The author is a Reuters Breakingviews columnist. The opinions expressed are his own. 

Buyout firms are on the front foot on Capitol Hill. They’ve successfully promoted legislation to roll back U.S. regulatory disclosures required under the post-crisis Dodd-Frank legislation, even as they settle cases over misleading investors. If the bill passes, however, there’s a risk of repercussions.

The House of Representatives passed the plan on Friday. If it’s made into law, private-equity firms would no longer have to notify clients when there is a management change of a fund, or provide brochures about fees and other information if it has already been disclosed elsewhere. The American Investment Council, an industry lobby group, says the bill is needed to update rules for a growing industry.

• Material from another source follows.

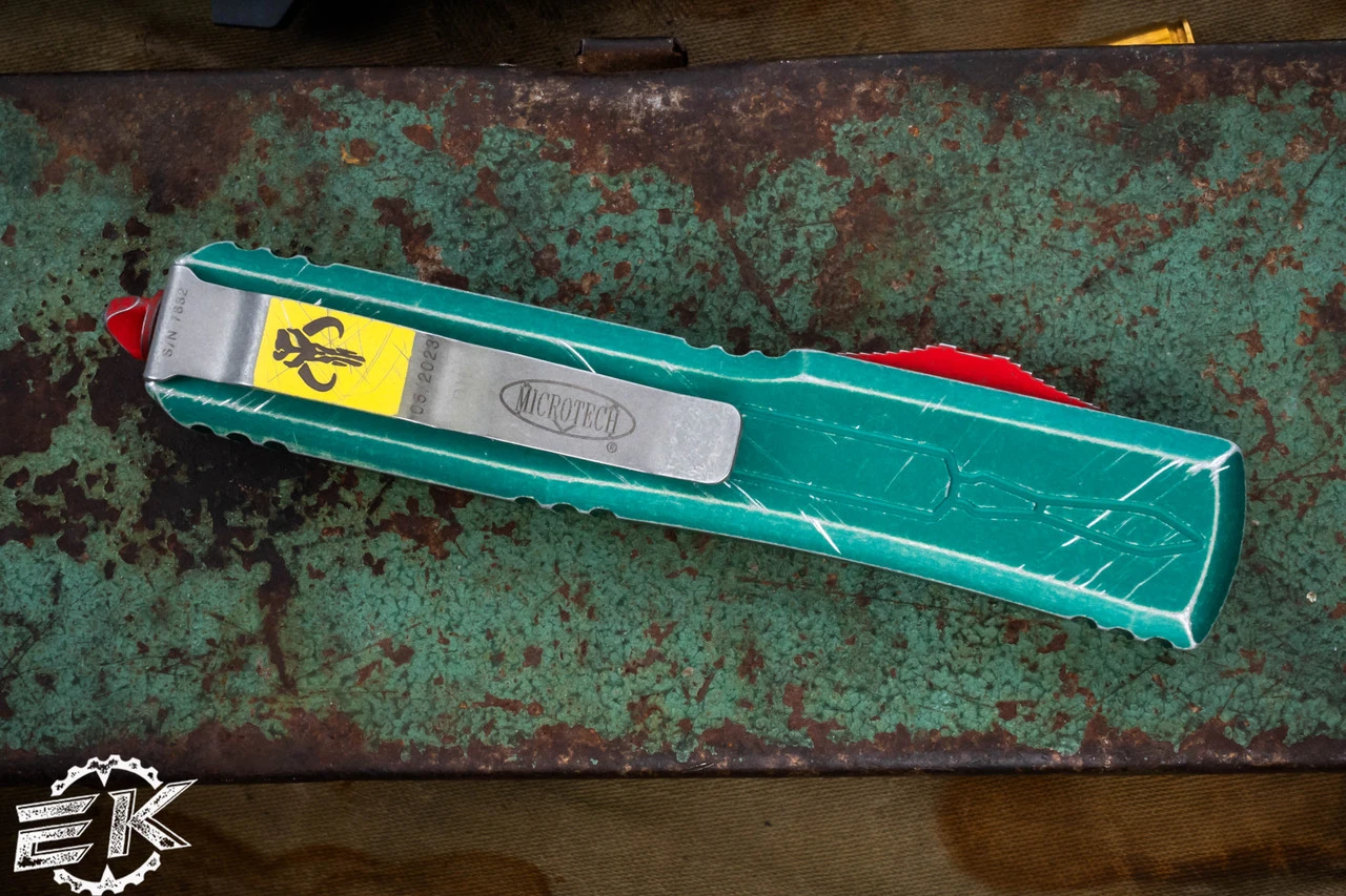 Limited Edition OTF knife The Bounty Hunter (Boba Fett) is the last of the OTF models in the Series. The force is strong in the land of Microtech! It comes with a distressed green anodized handle and red hardware.
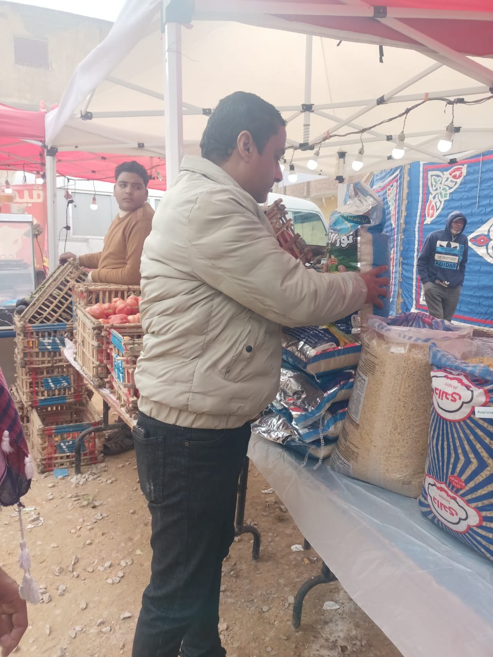 كما تم تفقد جميع باكيات السوق واستعراض السلع الغذائية المعروضة والأسعار المخفضة الموجودة على كل سلعة قبل وبعد التخفيض وكذلك جودة السلع والتى تميزت بجودة عالية وأسعار بتخفيضات حقيقية عن مثيلتها بالأسواق.

Critics are starting to rally. The Americans for Financial Reform group, pension giant CalPERS, the AFL-CIO union and other influential groups oppose the bill. They say it would exploit investors and threaten retirement savings. Senator Elizabeth Warren has also panned the proposal and is positioned to fight against it when it reaches her chamber.

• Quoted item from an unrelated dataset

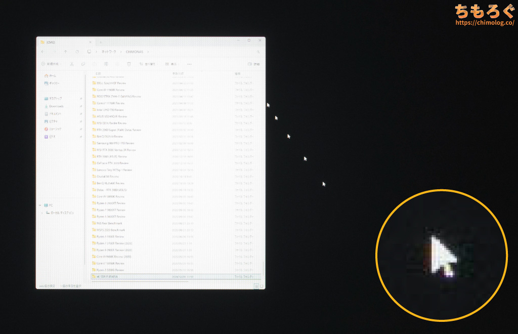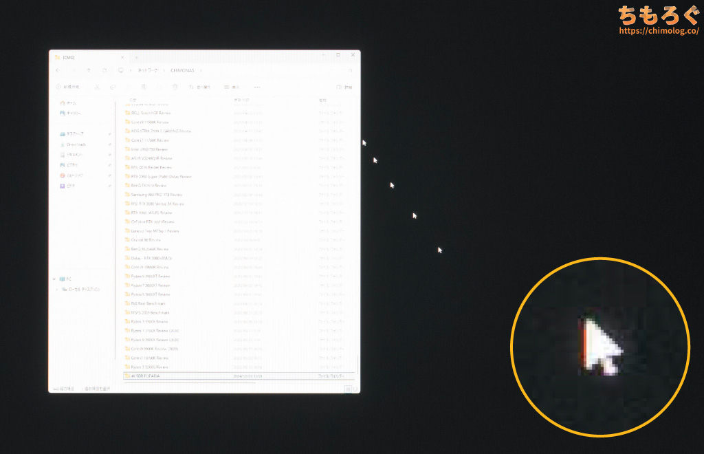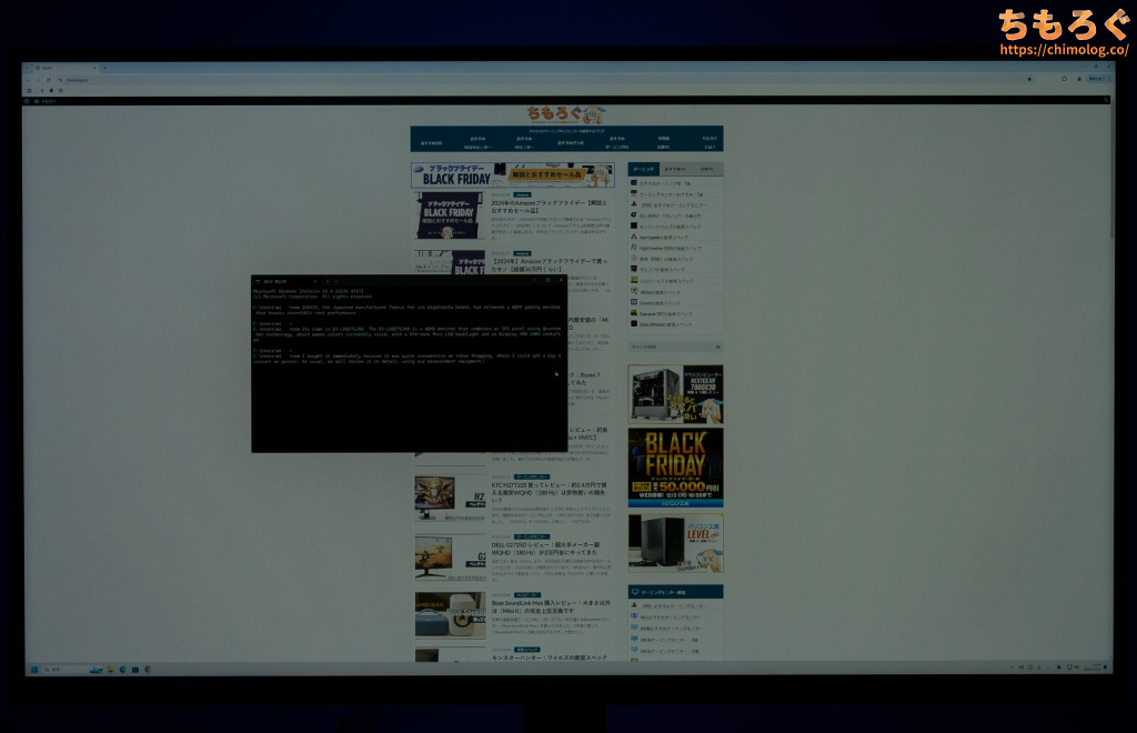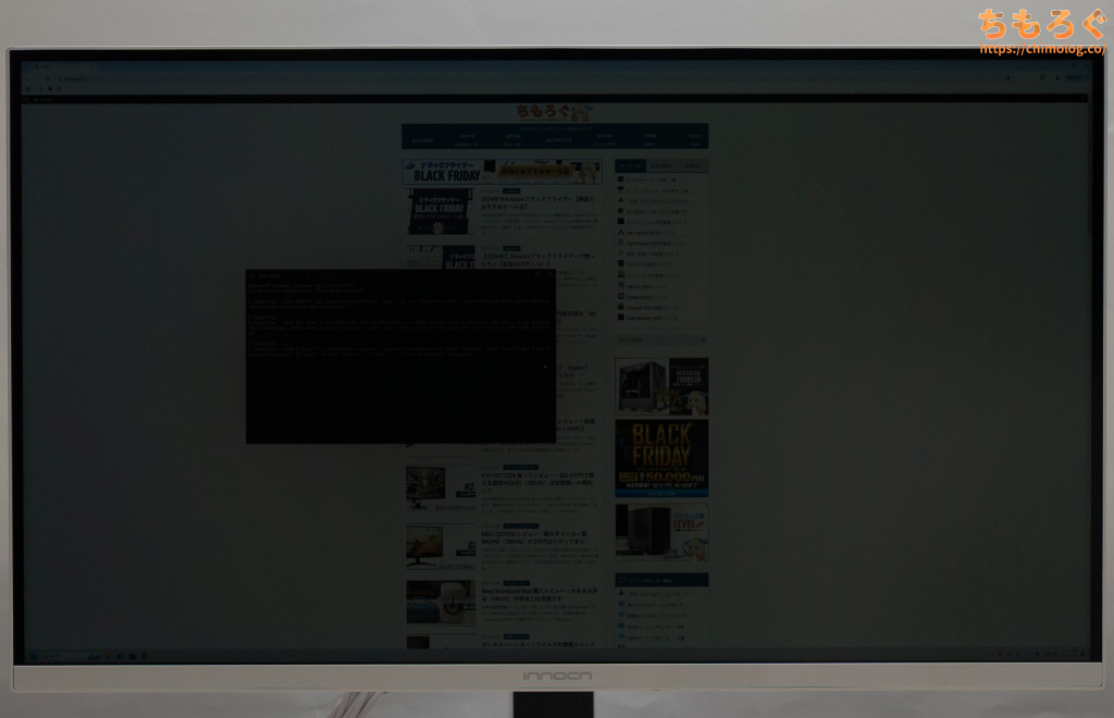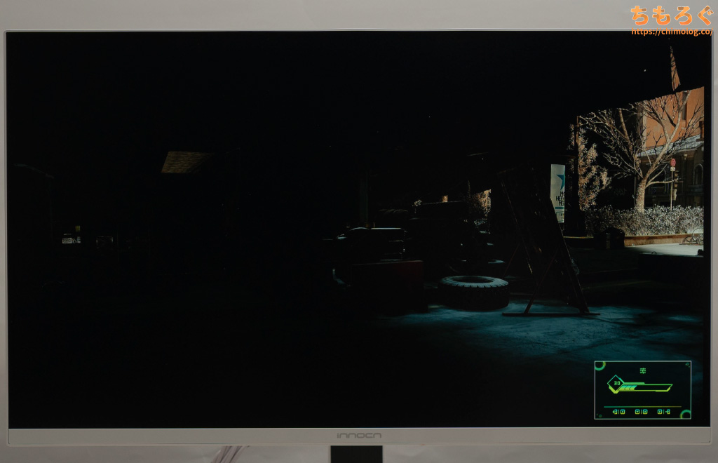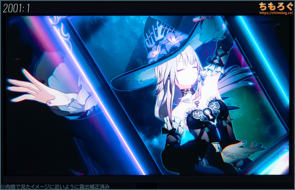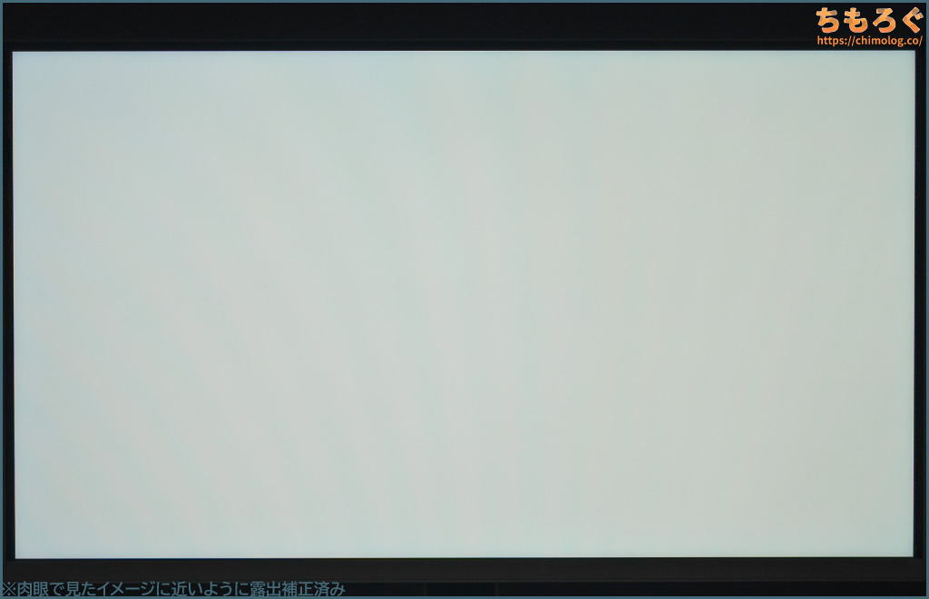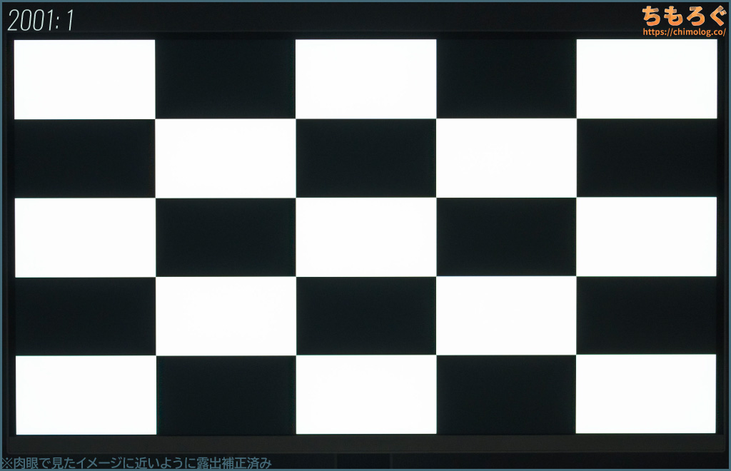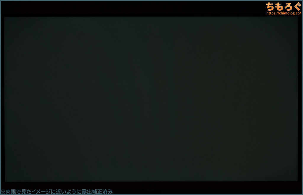 しかし、平均的なVAパネル程度のコントラスト比なので、白浮きがまだまだ目立ちます。
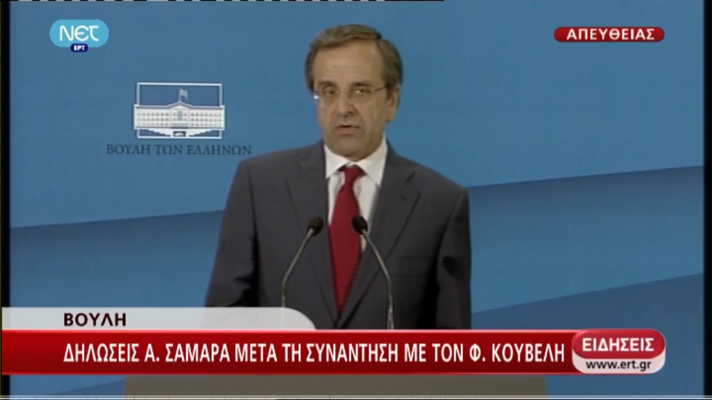 “Ήταν μία εποικοδομητική συνάντηση”, είπε ο Αντώνης Σαμαράς μετά τη συνάντηση με τον Φώτη Κουβέλη, τονίζοντας ότι η συζήτηση θα συνεχιστεί αύριο.

If the bill makes it through the Senate despite opposition, it could galvanize other efforts to rein in the buyout industry. There is already growing bipartisan support to get rid of the so-called carried-interest tax loophole, which allows private-equity partners to pay lower taxes on investment profit than they would on fee income.

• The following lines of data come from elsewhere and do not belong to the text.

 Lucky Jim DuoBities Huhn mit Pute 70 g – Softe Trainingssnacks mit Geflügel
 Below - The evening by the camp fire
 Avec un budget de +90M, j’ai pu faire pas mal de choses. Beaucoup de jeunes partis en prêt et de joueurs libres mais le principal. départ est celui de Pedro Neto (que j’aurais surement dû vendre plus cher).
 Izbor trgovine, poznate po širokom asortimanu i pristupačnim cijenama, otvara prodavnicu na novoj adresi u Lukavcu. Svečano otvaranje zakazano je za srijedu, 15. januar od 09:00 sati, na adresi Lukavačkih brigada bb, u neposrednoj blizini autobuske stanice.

Critics could push to have the Financial Stability Oversight Council study whether large private-equity firms pose a systemic risk and should be regulated accordingly. Lawmakers might advocate for restrictions on fees, for example barring funds from charging investors for advice provided to their own portfolio companies. Several firms, including Apollo Global Management just last month, have paid millions to settle allegations they misled clients on fees.

Wall Street experienced a backlash after winning approval for a bill to change part of Dodd-Frank in 2014. The move allowed banks to continue trading swaps instead of separating the activity into units that didn’t hold deposits. The victory motivated critics, including Warren, to hit back in other areas. Big banks have since tamped down their lobbying and any legislation easing regulation now faces challenges.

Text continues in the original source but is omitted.